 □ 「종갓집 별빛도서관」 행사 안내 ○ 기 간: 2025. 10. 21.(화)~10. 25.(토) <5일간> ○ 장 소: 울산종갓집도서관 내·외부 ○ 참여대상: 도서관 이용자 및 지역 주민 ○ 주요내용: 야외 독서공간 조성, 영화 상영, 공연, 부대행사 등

* * * * *

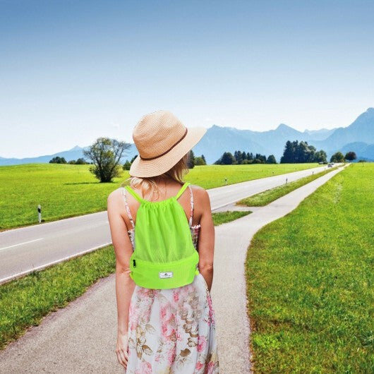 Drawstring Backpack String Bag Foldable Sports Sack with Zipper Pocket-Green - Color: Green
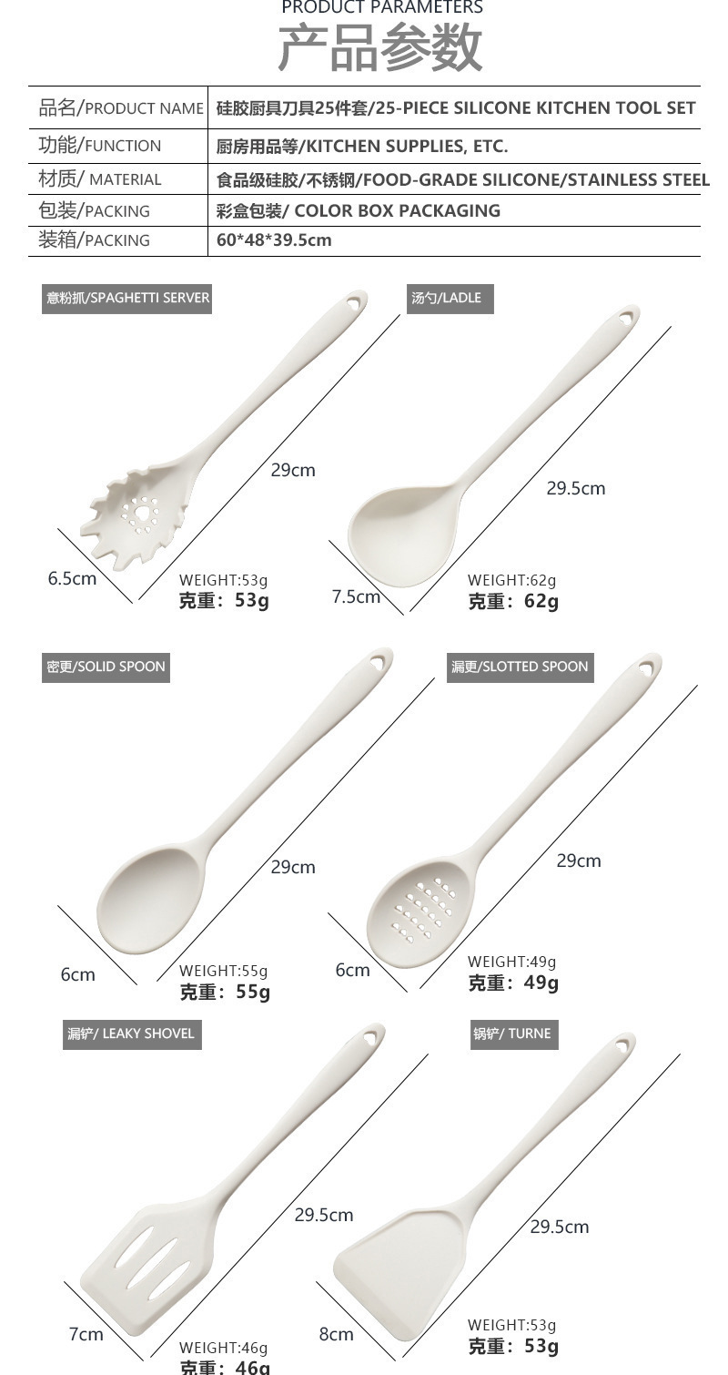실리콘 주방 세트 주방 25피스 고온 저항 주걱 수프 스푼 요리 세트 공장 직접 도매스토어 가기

* * * * *

**How to complete this task**
In the data above, the stretch from the line with "Drawstring Backpack String" through the line with "실리콘 주방 세트 주방" is to be returned exactly, minus any pictures.

**Answer section**
 Drawstring Backpack String Bag Foldable Sports Sack with Zipper Pocket-Green - Color: Green
실리콘 주방 세트 주방 25피스 고온 저항 주걱 수프 스푼 요리 세트 공장 직접 도매스토어 가기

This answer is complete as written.